Reference genome development
To obtain the reference genome of C. subpubescens , the individual with the highest homozygosity (based on previous studies using SSR markers, Setsuko et al. 2023) was selected from 51 individuals cultivated in a greenhouse at the Forestry and Forest Products Research Institute. DNA was extracted from fresh leaves using the Genomic-tip (Qiagen, Germany). Library construction, using the SMRTbell Template Prep Kit (PacBio, USA), was performed according to the manufacturer’s instructions. The DNA library was further fractionated using BluePippin (Sage Science, USA) to eliminate fragments < 15 kb in size and sequenced using four single-molecule real-time cells on the Sequel system (PacBio, USA). DNA extraction, library preparation, and sequencing were conducted by the Kazusa DNA Research Institute (Chiba, Japan).

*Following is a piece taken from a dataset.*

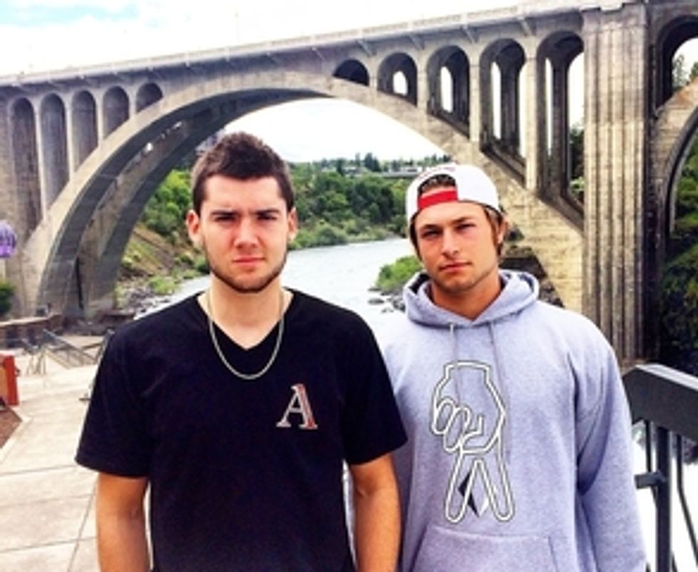 Aces Clothing Company creator Nick Price (left) and fraternity brother, Austin (right).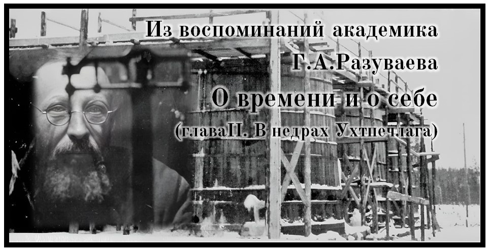 « В Воркутинских лагерях я работал на шахтах, сортировал уголь, измерял каждый день, сколько выработали угля. Потом попал в лабораторию, где проводились анализы угля. Летом отправляли на этап, на промысел, где обрабатывали и корчевали деревья и пилили лес. Лесоповал продолжался до дождей, а потом снова вахта. Неожиданно меня отправили под Архангельск. В тех северных краях (теперь это район города Северодвинск) я почти полтора года работал преподавателем-воспитателем в колонии малолетних преступников. Здесь были разные дети, много детей раскулаченных... Мое учительское время считаю вполне терпимым, хотя кормили отвратительно. Я преподавал физику, химию, иностранные языки. Обучались двенадцати - пятнадцатилетние дети». Летом 1937г, так же неожиданно Разуваева вернули в Ухтпечлаг, в поселок Чибью и отправили на общие работы. «Два лета и зиму проработал я на лесоповале. Лето было еще туда-сюда, весной шли дожди, и мы не просыхали, но тяжелее всего — холод. Одна неделя ниже пятидесяти. Если температура за пятьдесят, то работы прекращаются, день актируется. Самая низкая температура была минус пятьдесят шесть градусов. Мне было особенно трудно, так как дышишь, и замерзают очки... Работал я на сплаве леса: таскал из воды мокрые бревна. Они нагромождались в несколько рядов, скользкие, крутятся, и по ним приходится ходить, поэтому бежать надо быстро. Спиливали деревья, ветки, сдирали кору, чтобы бревна сохли. Бревна укладывали четырехугольником, а в середину бросали ветки, чтобы получалась большая куча. Такое сооружение мы называли "тухта". Её сдавали как уложенные бревна, за что была прибавка по сто граммов хлеба в день. Так мы хитрили...».

De novo genome assembly for C. subpubescens involved preprocessing to split chimera sequences using yacrd (Marijon et al., 2020). The assembly, conducted using wtdbg2 v. 2.5 (Ruan & Li, 2020), resulted in a genome size of approximately 450 Mb (Masuda et al., unpublished). The original dataset was approximately 81 × the size of the C. subpubescens genome. The dataset comprised a total of 482,624,924 bases and 6,011 reads, with read lengths of 1,129–5,172,107 bp (mean: 80,290 bp). The N50 sequence length was 623,636 bp. The quality of the assembly was assessed using the web tool gVolante (Nishimura et al., 2017). Using BUSCO (Simão et al., 2015) implemented in gVolante, approximately 86.1% of the complete core plant genes (1,440 in total) were detected in the assembly.